'''

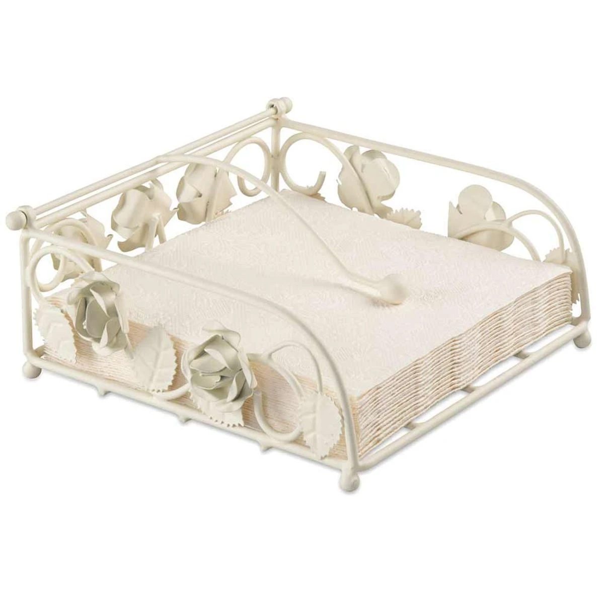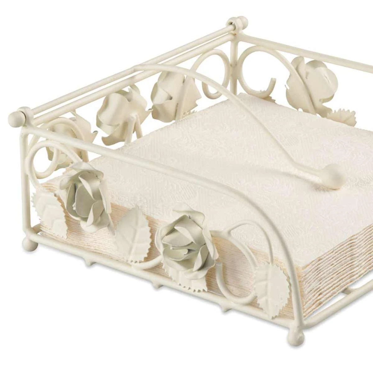 Porte serviettes Roses en métal crème
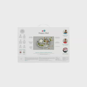Bovendien is de Happy Mat zeer praktisch in gebruik. Het heeft een ingebouwd bordje waardoor er geen extra borden nodig zijn. Het bordje is verdeeld in verschillende secties, wat ideaal is voor het scheiden van voedsel voor kieskeurige eters en het helpt baby's en peuters zelf te leren eten.
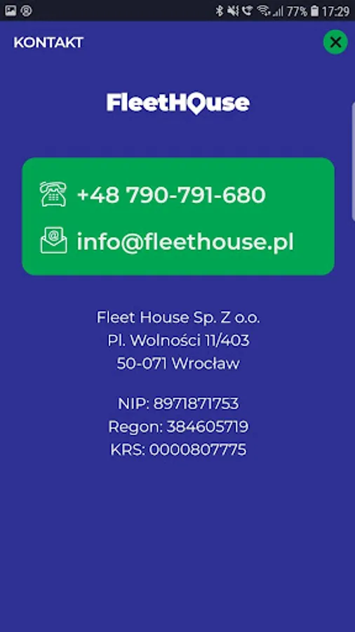 The FleetHouse mobile application allows you to control the current working time of drivers.
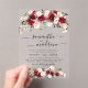 Elevate your wedding with this stunning clear acrylic invitation featuring lush watercolor burgundy roses, soft blush peonies, creamy blooms, and delicate greenery in a romantic floral design. Perfect for 2026 modern, moody jewel tone, garden, or luxurious celebrations.
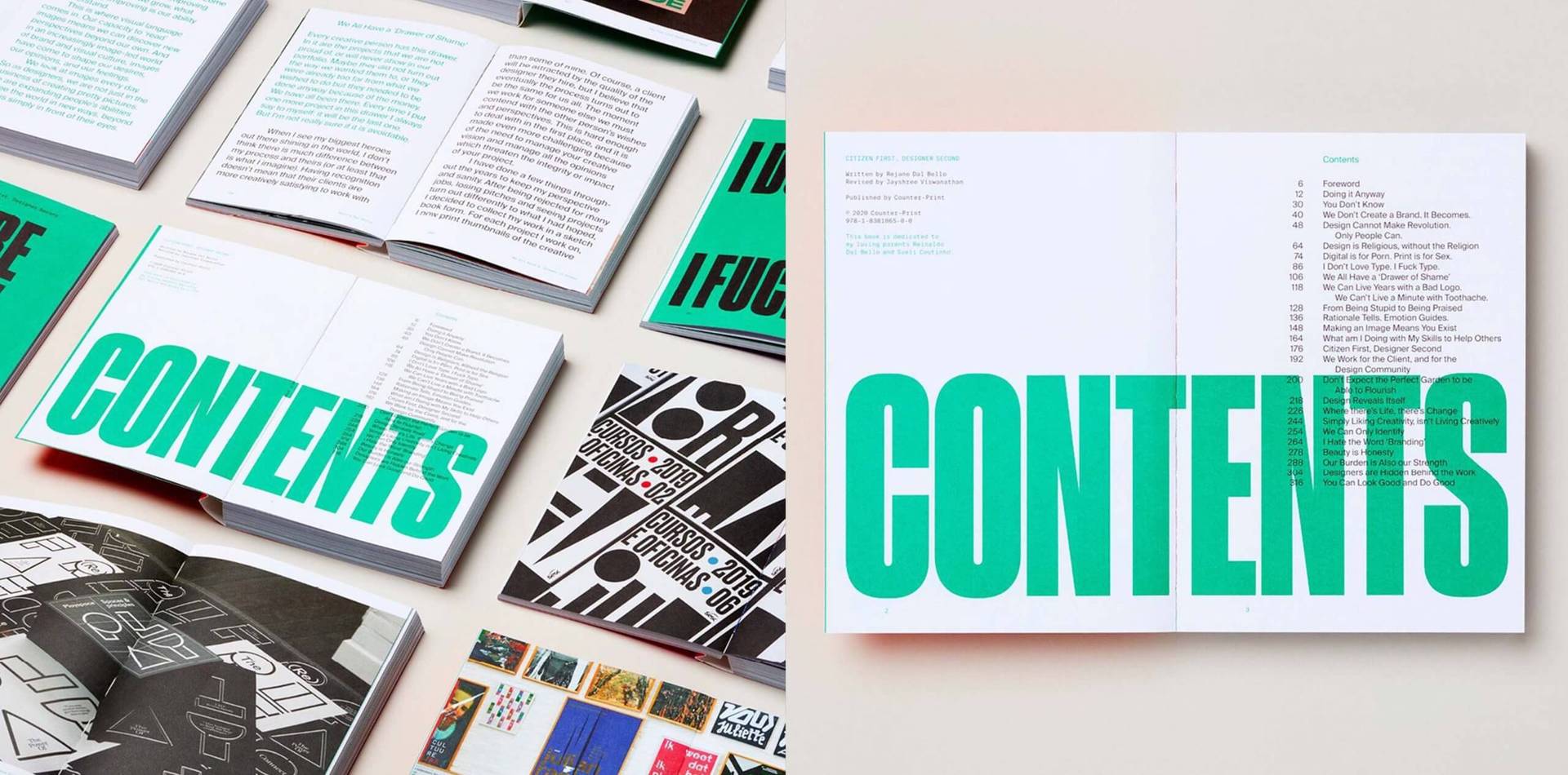Throughout most of her career Rejane has also lectured alongside her work as a designer. She found that the time-limit of lectures prevented her from delving into subjects in depth. The experience of writing her book, Citizen First Designer Second, has enabled her to do just that. Whilst she wrote the first draft of the book in just seven days, it is based on fifteen years of accumulated knowledge, learning and experience. The book reflects on the parallels between being a designer and being a citizen. Rejane draws on her own experiences as a designer to discuss a range of topics, including beauty, branding, the meaning of an image, what is our value as a designer, and what is our role in society.
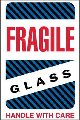 Tape Logic™ "Fragile - Glass - Handle With Care" Shipping label measuring 4" x 6" attracts attention by boldly displaying instructions as well as warnings. Label is pressure sensitive for firm adhesion, sold as 500 per roll.
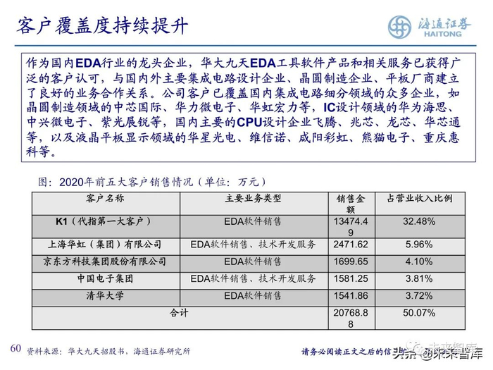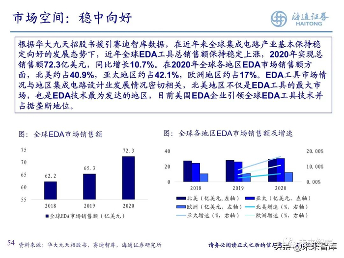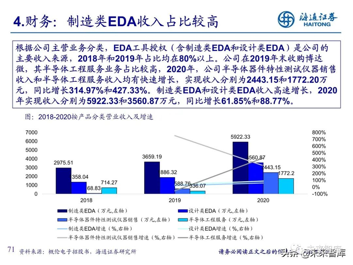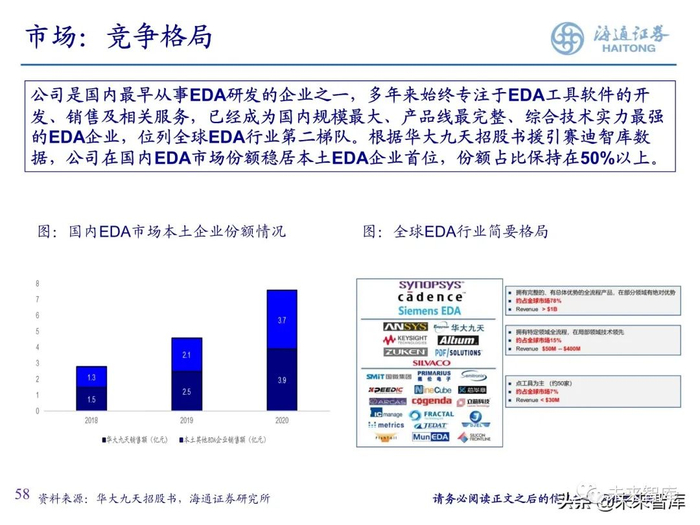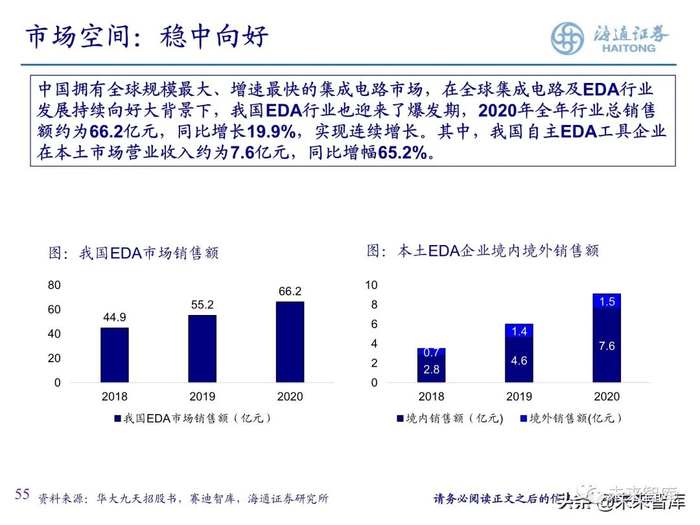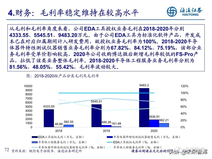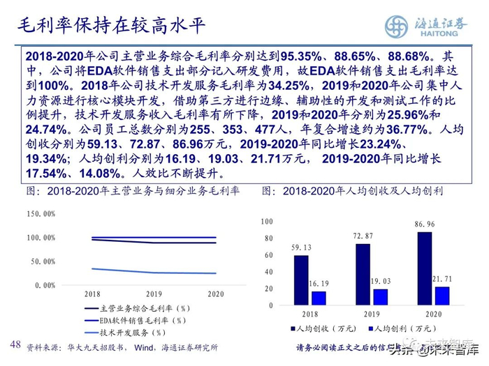 近三年收入占比均在 80%以上。2020年,公司EDA软件销售收入为3.45亿元,同比增长60.47%。技术 开发服务在近三年中保持着较快的增速,2020年公司技术开发实现收入0.61亿 元,同比增长56.41%。(报告来源:未来智库)
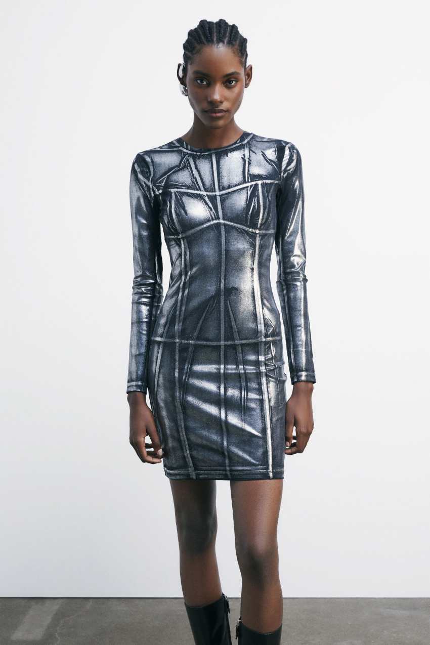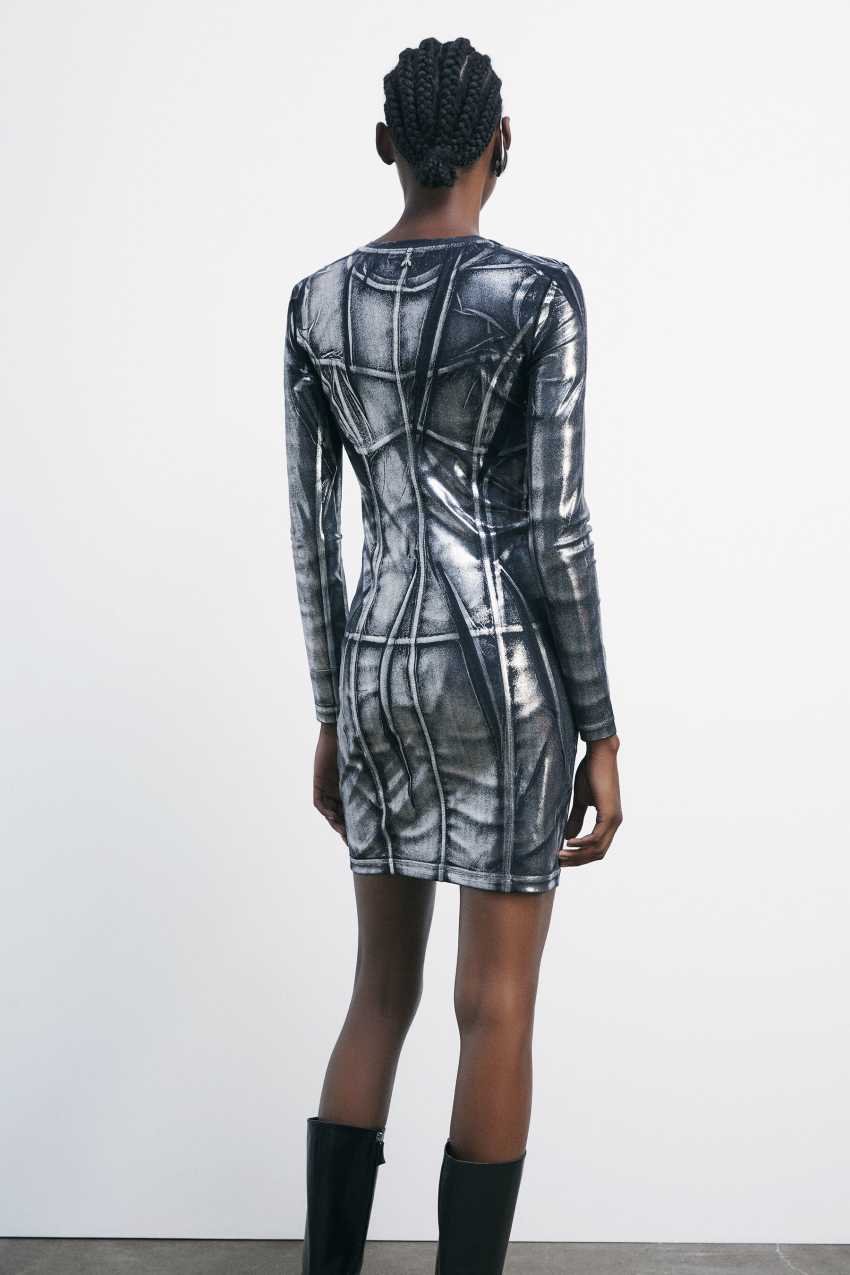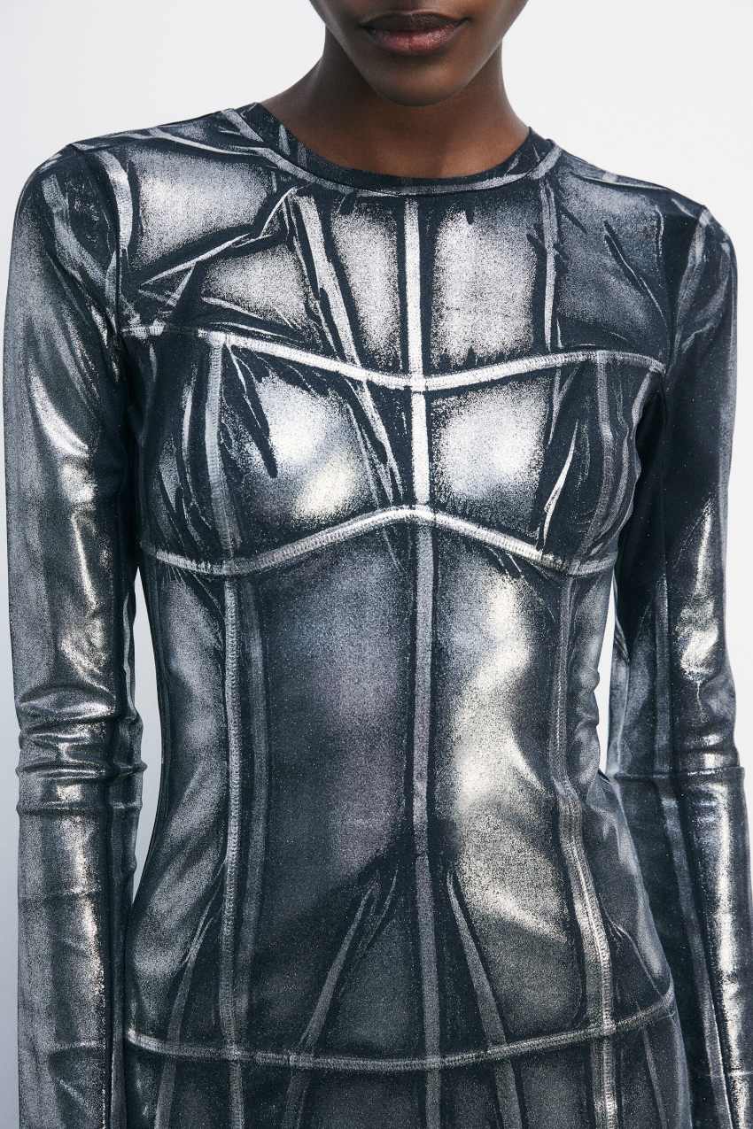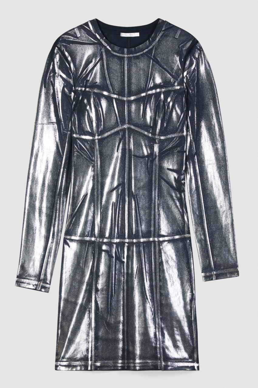 Mini abito aderente in jersey tecnico elasticizzato con effetto metallizzato.

'''

=== EXERCISE DIRECTIONS ===
Exactly the lines from the line containing "500 per roll." to the end of the records need to be copied, both ends included, with pictures left out.

=== RESULT OF THIS TASK ===
 Tape Logic™ "Fragile - Glass - Handle With Care" Shipping label measuring 4" x 6" attracts attention by boldly displaying instructions as well as warnings. Label is pressure sensitive for firm adhesion, sold as 500 per roll.
 近三年收入占比均在 80%以上。2020年,公司EDA软件销售收入为3.45亿元,同比增长60.47%。技术 开发服务在近三年中保持着较快的增速,2020年公司技术开发实现收入0.61亿 元,同比增长56.41%。(报告来源:未来智库)
 Mini abito aderente in jersey tecnico elasticizzato con effetto metallizzato.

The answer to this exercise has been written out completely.